Work to be completed
In the listing below, find the line containing "Back in high" and the line containing "Take the Cargo", then copy exactly everything from the first through the second, except the pictures.

[Task input — start]

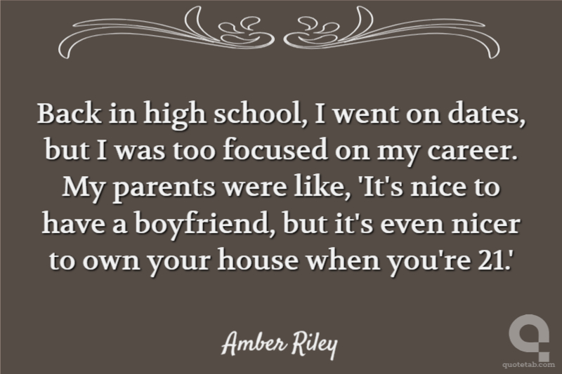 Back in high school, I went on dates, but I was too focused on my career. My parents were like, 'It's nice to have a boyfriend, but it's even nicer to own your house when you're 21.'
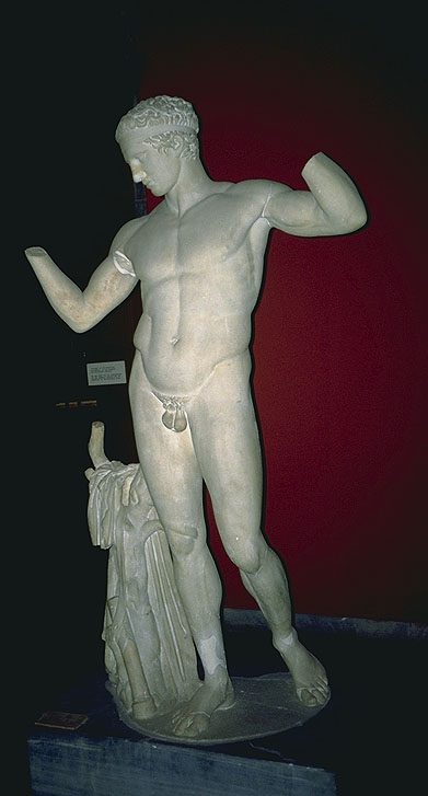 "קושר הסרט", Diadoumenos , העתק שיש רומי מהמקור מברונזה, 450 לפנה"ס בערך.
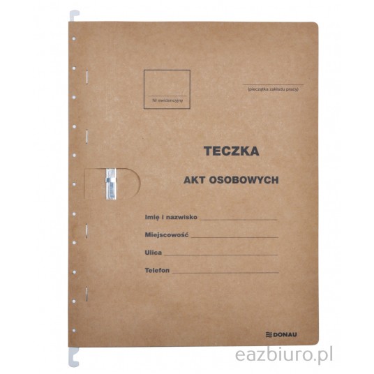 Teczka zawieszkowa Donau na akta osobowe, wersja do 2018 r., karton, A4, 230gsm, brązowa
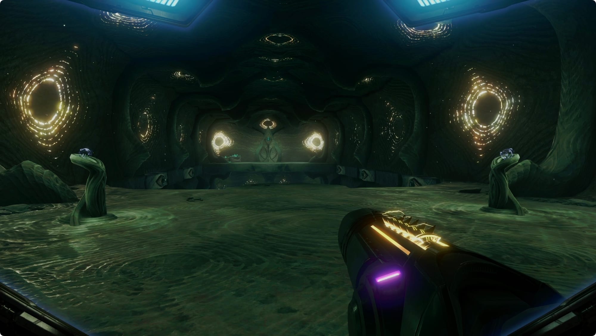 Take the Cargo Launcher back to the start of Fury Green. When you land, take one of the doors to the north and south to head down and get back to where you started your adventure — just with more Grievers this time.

[Task input — finish]
[Task input — start]

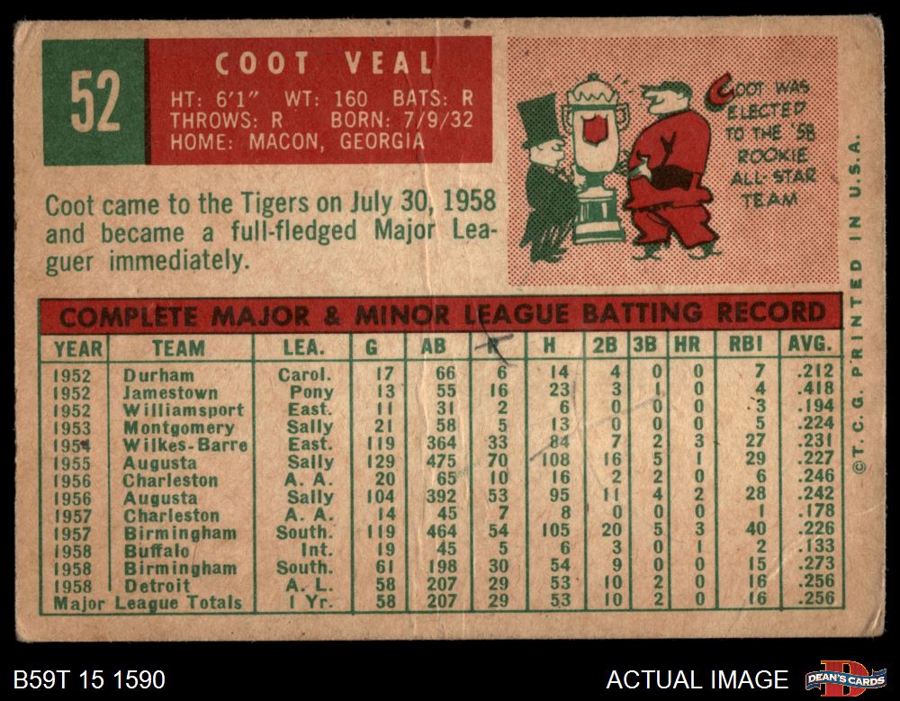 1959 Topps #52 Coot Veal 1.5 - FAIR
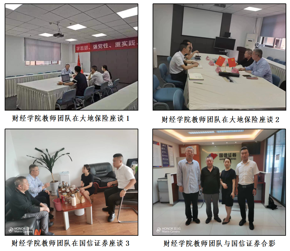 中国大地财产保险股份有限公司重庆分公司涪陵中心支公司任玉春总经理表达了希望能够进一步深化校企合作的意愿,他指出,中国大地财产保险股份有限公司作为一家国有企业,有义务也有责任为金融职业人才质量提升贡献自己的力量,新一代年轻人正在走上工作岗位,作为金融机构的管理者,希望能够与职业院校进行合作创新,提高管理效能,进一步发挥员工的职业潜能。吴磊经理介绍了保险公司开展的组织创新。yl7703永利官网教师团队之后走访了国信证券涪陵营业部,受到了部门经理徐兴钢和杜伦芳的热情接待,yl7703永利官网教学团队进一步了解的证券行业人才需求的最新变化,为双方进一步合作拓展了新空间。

[Task input — finish]
[Task input — start]

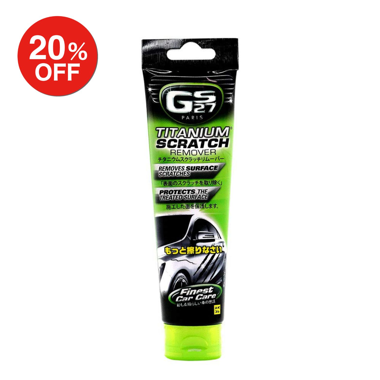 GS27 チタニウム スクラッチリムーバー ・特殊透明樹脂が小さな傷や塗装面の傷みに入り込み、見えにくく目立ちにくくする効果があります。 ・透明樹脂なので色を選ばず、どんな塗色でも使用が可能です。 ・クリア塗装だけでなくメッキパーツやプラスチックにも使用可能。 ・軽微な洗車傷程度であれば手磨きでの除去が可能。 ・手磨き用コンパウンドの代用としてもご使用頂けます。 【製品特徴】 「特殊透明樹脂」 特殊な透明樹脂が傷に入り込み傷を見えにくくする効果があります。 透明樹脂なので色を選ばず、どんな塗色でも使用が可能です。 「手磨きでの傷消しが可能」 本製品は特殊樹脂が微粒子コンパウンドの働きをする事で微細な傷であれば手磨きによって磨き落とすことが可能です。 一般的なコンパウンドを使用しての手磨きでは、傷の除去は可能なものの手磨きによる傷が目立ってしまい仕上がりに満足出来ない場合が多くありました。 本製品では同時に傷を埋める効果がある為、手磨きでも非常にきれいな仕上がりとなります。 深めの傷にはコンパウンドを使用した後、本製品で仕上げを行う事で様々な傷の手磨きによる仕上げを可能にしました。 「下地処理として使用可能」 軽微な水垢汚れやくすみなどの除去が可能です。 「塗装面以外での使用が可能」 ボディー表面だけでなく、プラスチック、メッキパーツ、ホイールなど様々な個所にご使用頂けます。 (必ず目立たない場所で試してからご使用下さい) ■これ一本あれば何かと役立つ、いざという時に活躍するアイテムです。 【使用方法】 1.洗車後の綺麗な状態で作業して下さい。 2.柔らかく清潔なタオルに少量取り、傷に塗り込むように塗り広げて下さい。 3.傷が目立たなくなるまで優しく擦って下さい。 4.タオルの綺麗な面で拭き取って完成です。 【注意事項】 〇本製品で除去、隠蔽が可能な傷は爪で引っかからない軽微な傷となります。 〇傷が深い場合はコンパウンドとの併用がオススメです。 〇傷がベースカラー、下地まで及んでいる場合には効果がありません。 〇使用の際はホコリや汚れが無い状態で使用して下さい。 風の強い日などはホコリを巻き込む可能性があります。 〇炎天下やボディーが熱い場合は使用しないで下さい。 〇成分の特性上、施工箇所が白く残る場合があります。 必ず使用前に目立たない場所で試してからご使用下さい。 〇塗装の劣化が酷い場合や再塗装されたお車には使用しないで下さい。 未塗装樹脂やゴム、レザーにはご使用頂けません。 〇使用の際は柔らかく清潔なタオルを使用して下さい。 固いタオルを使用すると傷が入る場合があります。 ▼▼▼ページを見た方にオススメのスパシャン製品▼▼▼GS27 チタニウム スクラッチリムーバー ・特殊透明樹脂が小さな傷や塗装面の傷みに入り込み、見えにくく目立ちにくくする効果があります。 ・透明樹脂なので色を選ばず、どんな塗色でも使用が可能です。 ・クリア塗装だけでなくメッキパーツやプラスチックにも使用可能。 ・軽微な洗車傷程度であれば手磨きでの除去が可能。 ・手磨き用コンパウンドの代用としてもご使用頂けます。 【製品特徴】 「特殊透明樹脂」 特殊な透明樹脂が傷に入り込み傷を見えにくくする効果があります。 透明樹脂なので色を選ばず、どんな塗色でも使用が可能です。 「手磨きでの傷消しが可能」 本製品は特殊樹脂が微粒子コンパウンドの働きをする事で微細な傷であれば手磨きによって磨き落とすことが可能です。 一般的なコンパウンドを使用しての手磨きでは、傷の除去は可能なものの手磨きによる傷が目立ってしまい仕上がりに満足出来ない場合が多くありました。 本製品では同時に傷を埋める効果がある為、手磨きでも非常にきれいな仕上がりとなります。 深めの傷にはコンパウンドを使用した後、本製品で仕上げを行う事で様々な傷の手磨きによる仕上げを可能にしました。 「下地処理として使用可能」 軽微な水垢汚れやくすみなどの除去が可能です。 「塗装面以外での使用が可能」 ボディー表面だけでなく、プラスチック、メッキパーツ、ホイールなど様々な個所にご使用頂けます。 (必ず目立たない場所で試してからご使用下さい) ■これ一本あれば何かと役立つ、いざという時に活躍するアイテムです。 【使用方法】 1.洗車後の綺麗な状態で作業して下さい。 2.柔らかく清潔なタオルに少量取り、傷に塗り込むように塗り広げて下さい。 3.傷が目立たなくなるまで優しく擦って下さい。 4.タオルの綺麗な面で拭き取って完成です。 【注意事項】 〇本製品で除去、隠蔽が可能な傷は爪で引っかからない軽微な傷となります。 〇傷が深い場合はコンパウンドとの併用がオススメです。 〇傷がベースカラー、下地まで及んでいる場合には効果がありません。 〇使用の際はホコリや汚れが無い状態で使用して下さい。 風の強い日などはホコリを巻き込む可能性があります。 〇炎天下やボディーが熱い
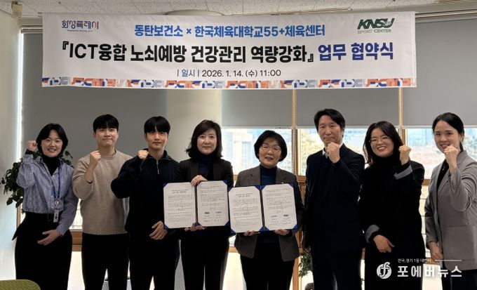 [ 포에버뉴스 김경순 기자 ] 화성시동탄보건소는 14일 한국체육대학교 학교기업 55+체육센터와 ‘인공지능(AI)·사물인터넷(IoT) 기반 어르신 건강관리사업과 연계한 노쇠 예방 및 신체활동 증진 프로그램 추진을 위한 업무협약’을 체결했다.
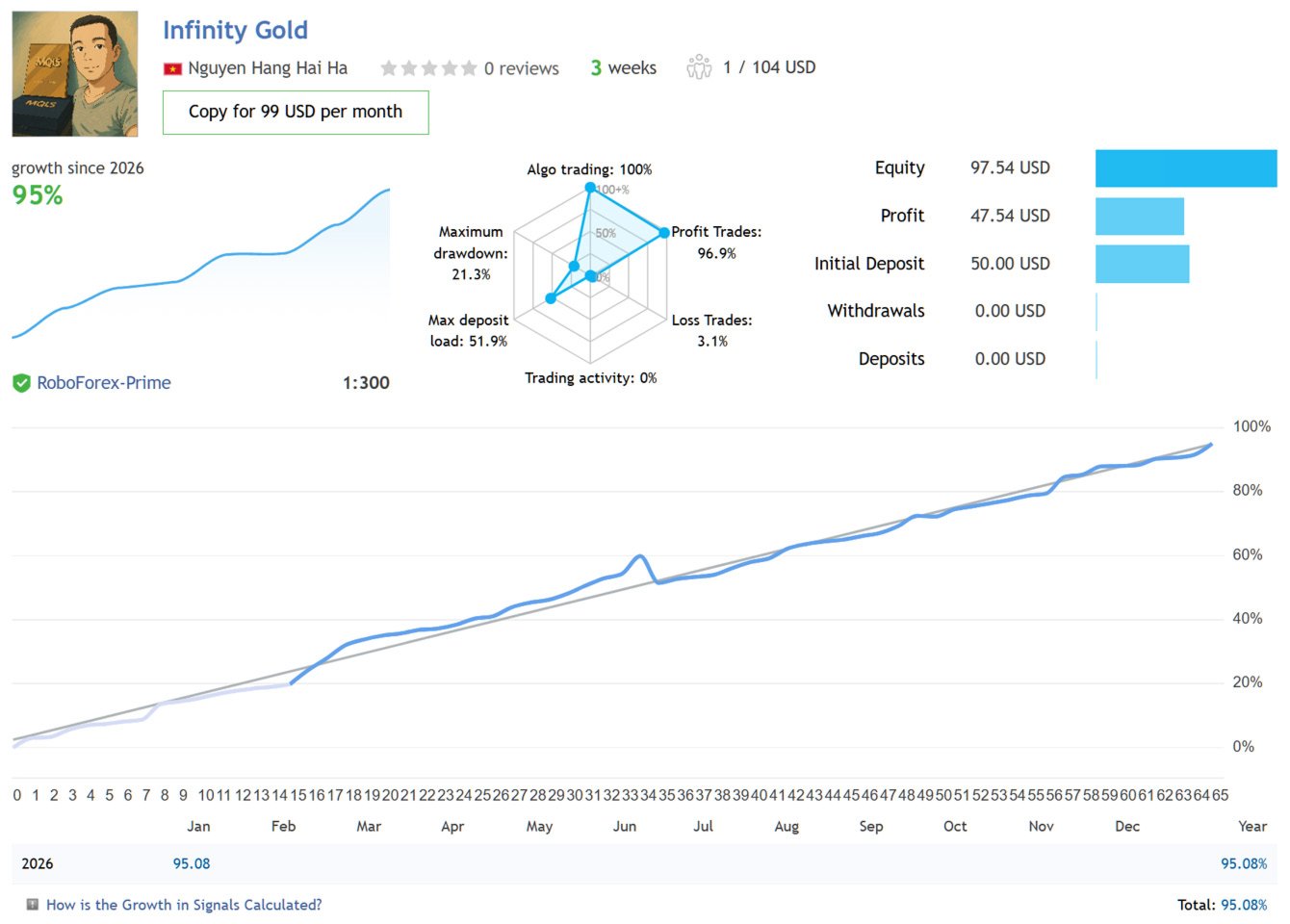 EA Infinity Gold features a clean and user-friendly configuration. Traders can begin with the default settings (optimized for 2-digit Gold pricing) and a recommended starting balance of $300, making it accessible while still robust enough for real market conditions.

[Task input — finish]

Finished exercise
 Back in high school, I went on dates, but I was too focused on my career. My parents were like, 'It's nice to have a boyfriend, but it's even nicer to own your house when you're 21.'
 "קושר הסרט", Diadoumenos , העתק שיש רומי מהמקור מברונזה, 450 לפנה"ס בערך.
 Teczka zawieszkowa Donau na akta osobowe, wersja do 2018 r., karton, A4, 230gsm, brązowa
 Take the Cargo Launcher back to the start of Fury Green. When you land, take one of the doors to the north and south to head down and get back to where you started your adventure — just with more Grievers this time.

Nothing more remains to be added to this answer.